**WHAT YOU ARE ASKED TO DO**
Below are the entries. Print only the lines starting at the one with "Oranssinsävyinen jotain villasekoitetta, käsinneulottu." and ending at the one with "Preheat the oven", exactly, with no pictures.

**DATASET RECORDS**
BEGIN

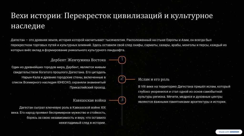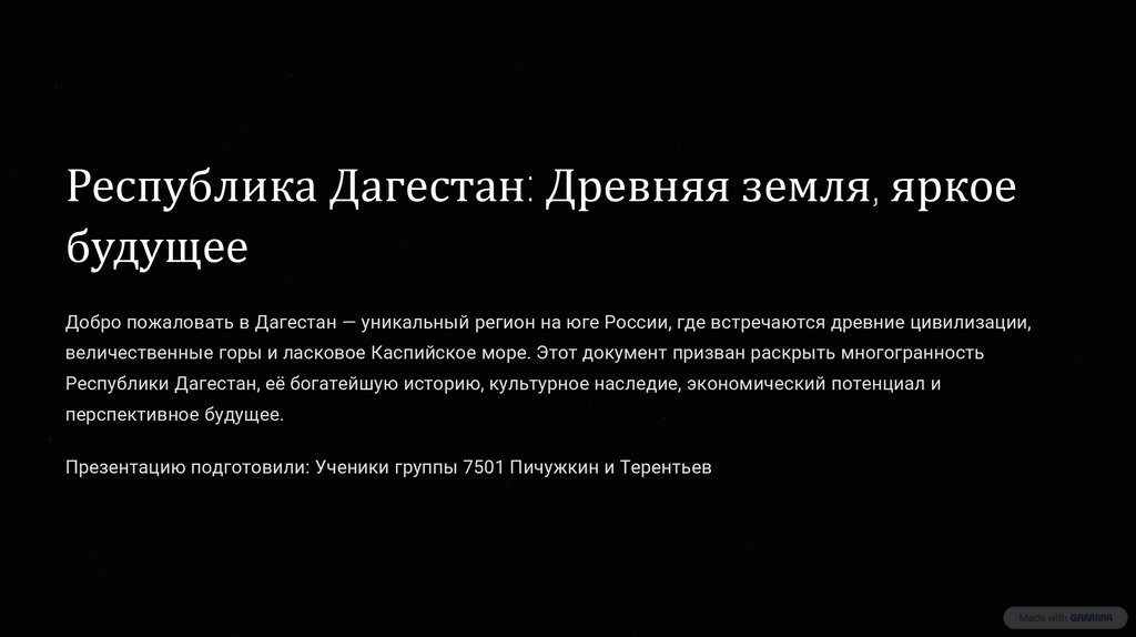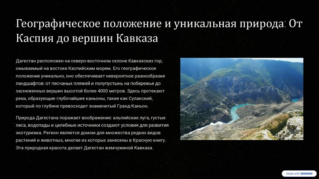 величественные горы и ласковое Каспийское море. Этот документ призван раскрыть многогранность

END
BEGIN

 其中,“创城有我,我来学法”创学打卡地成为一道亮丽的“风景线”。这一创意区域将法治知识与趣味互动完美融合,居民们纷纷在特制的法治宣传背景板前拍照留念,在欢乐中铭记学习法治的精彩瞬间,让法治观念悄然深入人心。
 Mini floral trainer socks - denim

END
BEGIN

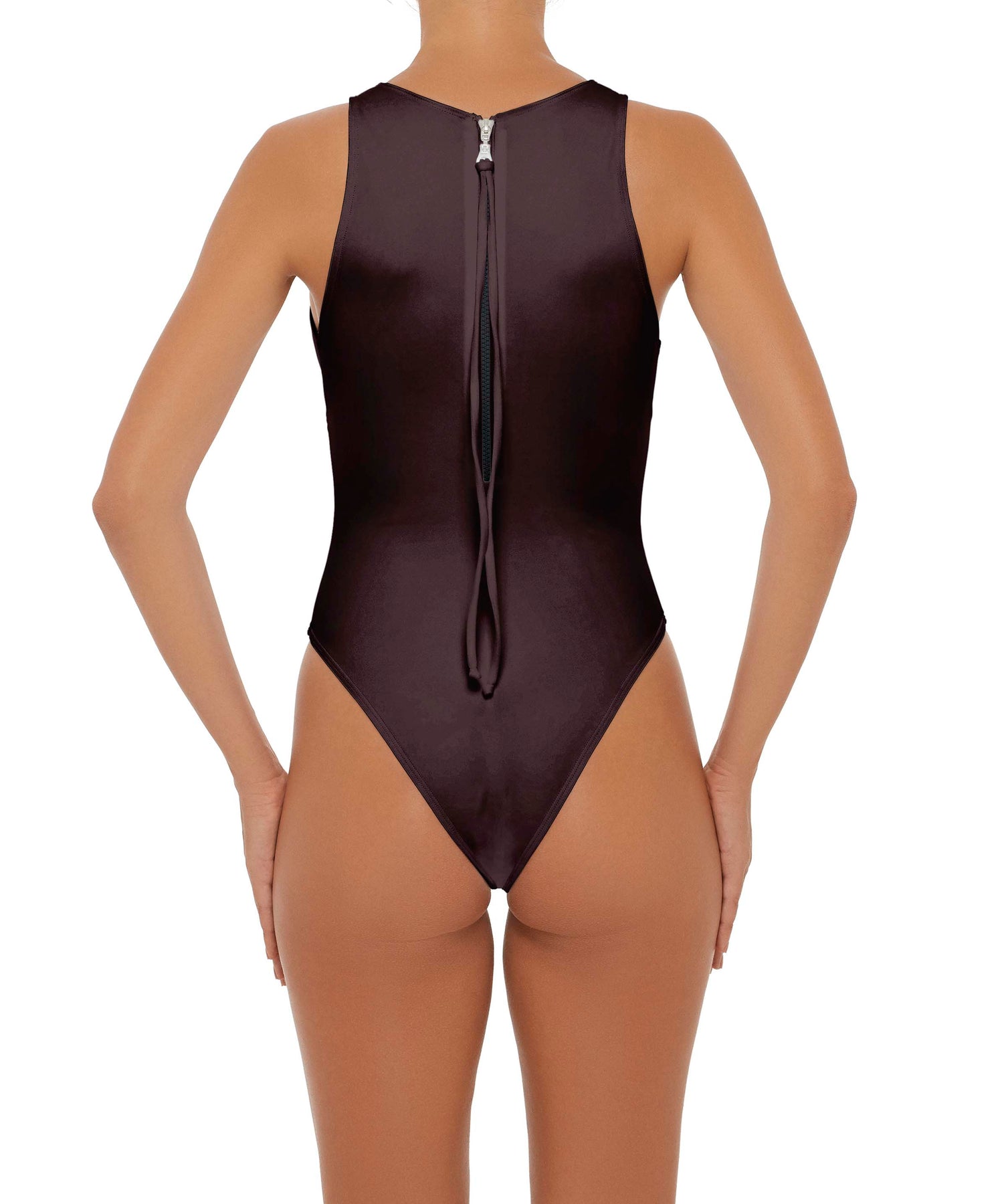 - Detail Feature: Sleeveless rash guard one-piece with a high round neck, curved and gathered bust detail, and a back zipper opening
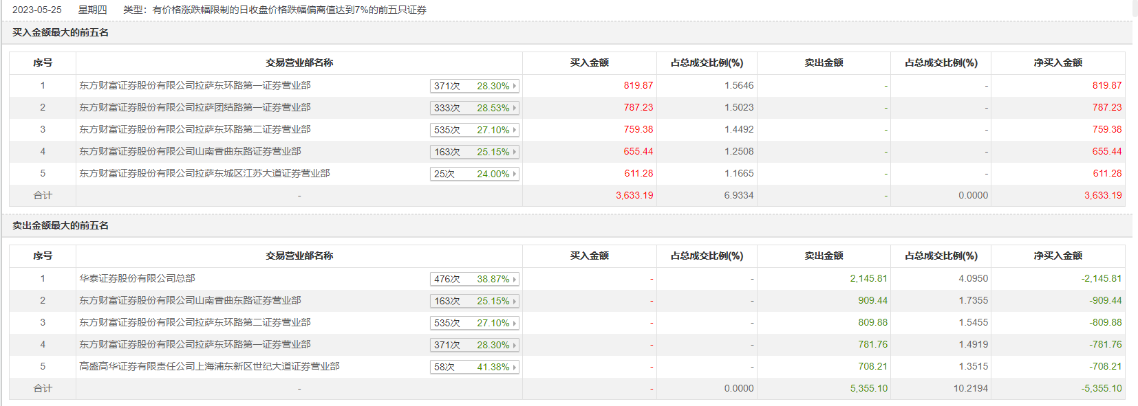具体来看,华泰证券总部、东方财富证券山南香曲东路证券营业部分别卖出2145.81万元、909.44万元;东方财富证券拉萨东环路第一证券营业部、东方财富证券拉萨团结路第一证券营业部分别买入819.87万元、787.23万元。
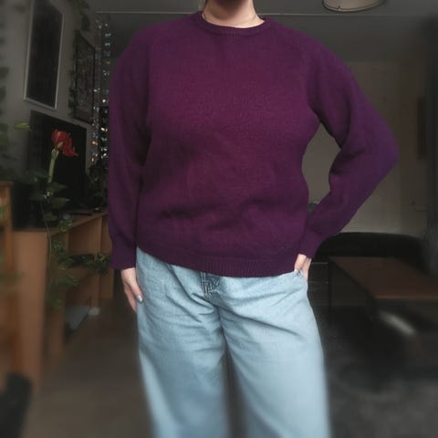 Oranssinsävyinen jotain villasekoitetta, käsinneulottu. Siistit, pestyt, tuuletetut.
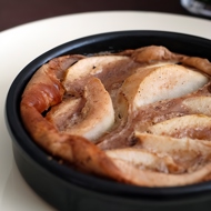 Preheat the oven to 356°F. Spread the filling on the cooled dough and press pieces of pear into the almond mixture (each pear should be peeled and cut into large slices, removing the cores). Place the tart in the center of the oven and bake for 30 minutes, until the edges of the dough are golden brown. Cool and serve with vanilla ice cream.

END

**FINISHED EXERCISE**
 Oranssinsävyinen jotain villasekoitetta, käsinneulottu. Siistit, pestyt, tuuletetut.
 Preheat the oven to 356°F. Spread the filling on the cooled dough and press pieces of pear into the almond mixture (each pear should be peeled and cut into large slices, removing the cores). Place the tart in the center of the oven and bake for 30 minutes, until the edges of the dough are golden brown. Cool and serve with vanilla ice cream.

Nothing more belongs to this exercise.